Nor is AlphaGo a scaled-down version of an AGI, doing the same things you do to navigate messy physical environments, just in a simpler toy setting. Rather, Go just isn't similar enough to the physical world to capture all of the kinds of cognitive problem you have to solve in order to succeed in the world at large.

This doesn't mean that AI progress like AlphaGo is necessarily irrelevant to AGI; there is an enormous range of possibilities in between the extremes of 'zero relevance to AGI' and 'exactly like AGI but scaled-down'. But if there are different kinds of AI doing different kinds of work, and the relevant kinds of work for 'modeling and steering the real world' hasn't been invented yet, then my reply to Adele is relevant: invention is a 0-to-1 event, and AGI is the sort of thing that can be invented at a particular time and place, rather than just being 'AlphaGo+' or 'theorem-prover+'. (Or, to name an example that's more popular on LW, 'GPT-3+'.)
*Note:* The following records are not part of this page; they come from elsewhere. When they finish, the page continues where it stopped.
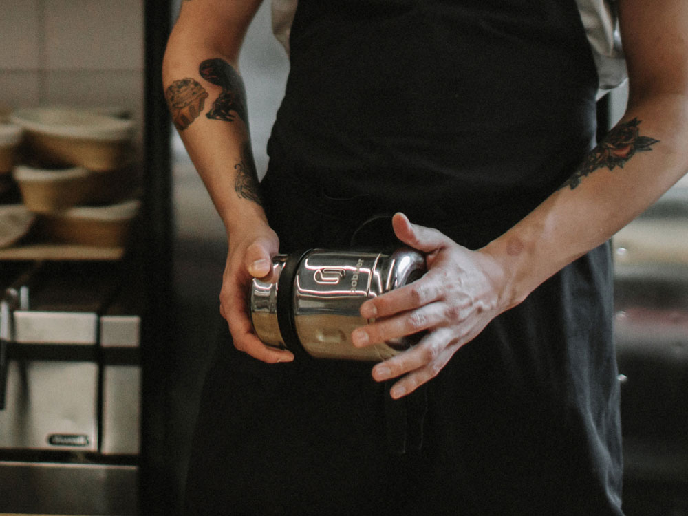 Jerrycan сделан из нержавеющей стали 18/8. Отдельные элементы пробки и крышки-чашки выполнены из пищевого силикона и безопасного пластика BPA-free. На глухой пробке термоса сделано металлическое основание, благодаря чему еда не соприкасается с пластиком, а внутри колбы не накапливаются запахи. Силиконовые кольца на крышке обеспечивают 100% герметичность.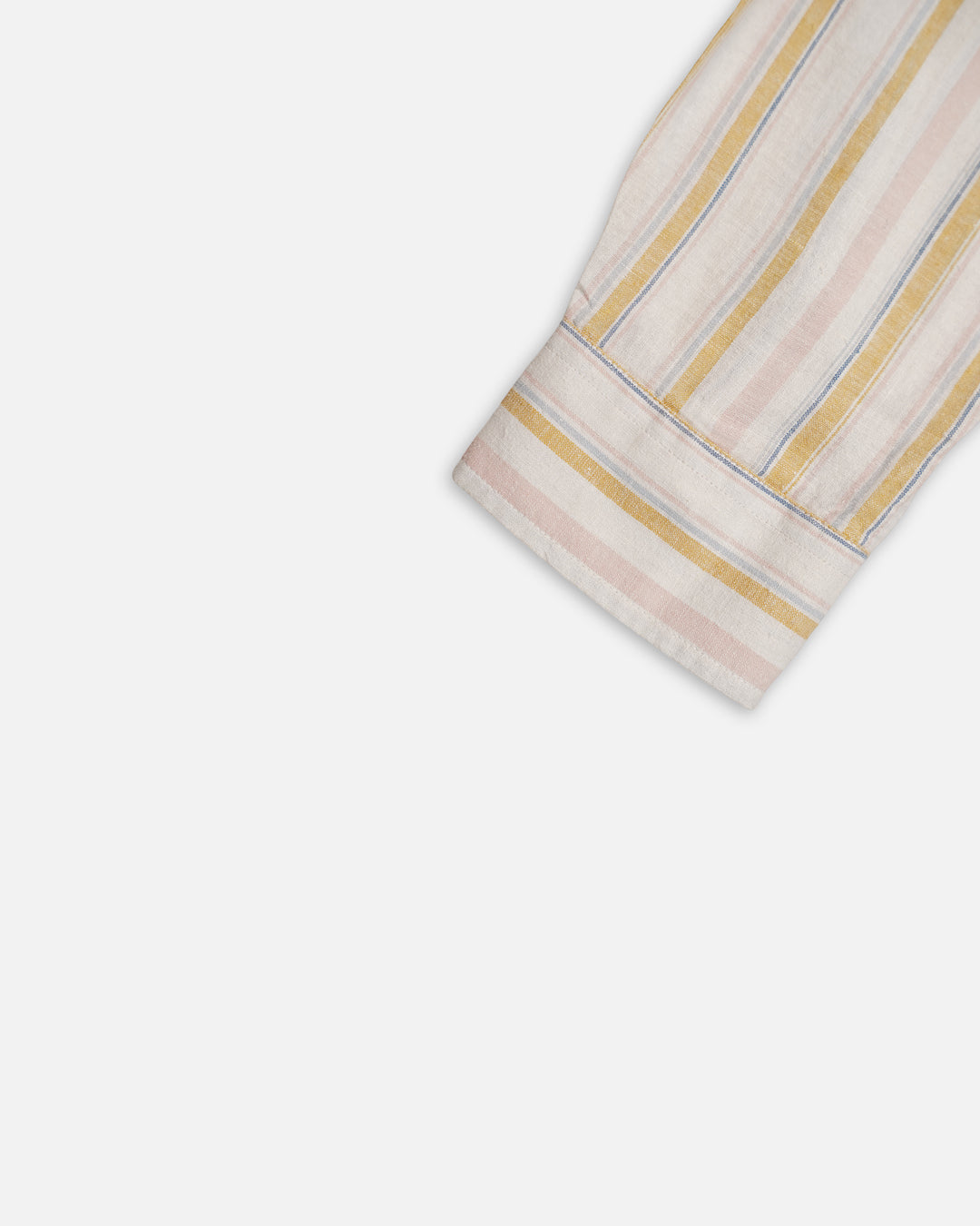 Michael Krs Branded Men’s Cream & Yellow Vertical Striped Slim Fit Casual Shirt MFS-23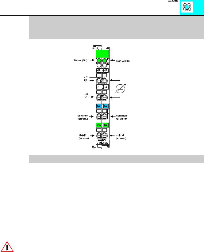 The inputs are connected to +I and -I. The shield is connected to „S“. The connection is made automatically when snapped onto the DIN rail.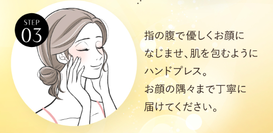 | ステップ③ | 指の腹で お顔の隅々まで |

Then, because intelligence is really powerful, it will immediately follow whatever goal function it was given.

I don't understand this part. What does being powerful have to do with following your goal function?

Since we don't have any time to experiment and find goal functions that produce reasonable, scope-bound behavior, the AI applies the goal function in a global way, takes over the world, and turns us all into paperclips.
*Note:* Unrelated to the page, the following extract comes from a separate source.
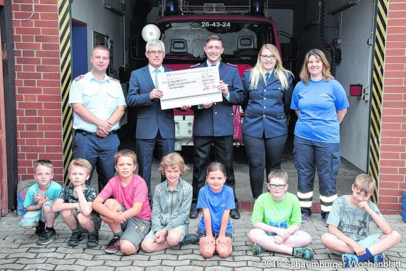 KRANKENHAGEN (ste). Jugendarbeit in der Feuerwehr ist mit viel Aufwand und Zeit verbunden. Die Kinder und Jugendlichen müssen bei Laune gehalten werden, um später als Aktive in die Wehr zu kommen. Neben dem persönlichen Engagement der Betreuer braucht man auch Geld, um die vielen Aktionen wie Zeltlager oder Freizeitangebote durchführen zu können. Dabei half jetzt die Volksbank in Schaumburg, die bei der Eröffnung der neuen Volksbank-Geschäftsstelle in Krankenhagen durch den Verkauf von Würtchen und Getränken einen stattlichen Betrag sammelte. Der wurde dann noch einmal großzügig auf 1.000 Euro aufgestockt und das Geld wurde jetzt von Bankstellenleiter Rainer Nagel an Mareike Schlüter von der Kinderfeuerwehr und Celina Rau und Christian Wessel von der Jugendfeuerwehr übergeben: "Ganz besonders die Förderung von Kindern und Jugendlichen liegt uns am Herzen", betonte Nagel bei der Geldübergabe. Foto: ste

This sounds sort of correct, except that in the context of ML we don't know how to robustly instill real-world goals into AGI systems at all. E.g., we don't know how to provide a training signal that will robustly cause an AGI to maximize the amount of diamond in the universe -- a very simple goal that doesn't require us to figure out corrigibility, low-impact behavior, 'reasonableness', etc.

It seems to me that everything is a step function in EY's thinking.

That seems like a fine description, if we're contrasting it with e.g. Paul Christiano's view. In reality, both sides think the universe is a mix of continuous and discontinuous; but yes, it's tempting for one side to say 'you see everything as continuous!' and for the other to say 'you see everything as discontinuous!'.

In my view, everything in real life is continuous, and I think various attempts in this community to find historical discontinuities has demonstrated that discontinuities just don't happen.

Isn't this immediately falsified by human beings? ... And isn't it a bit concerning if your alleged generalization breaks down hardest on the most relevant data point we have for trying to predict the impact of automating general intelligence?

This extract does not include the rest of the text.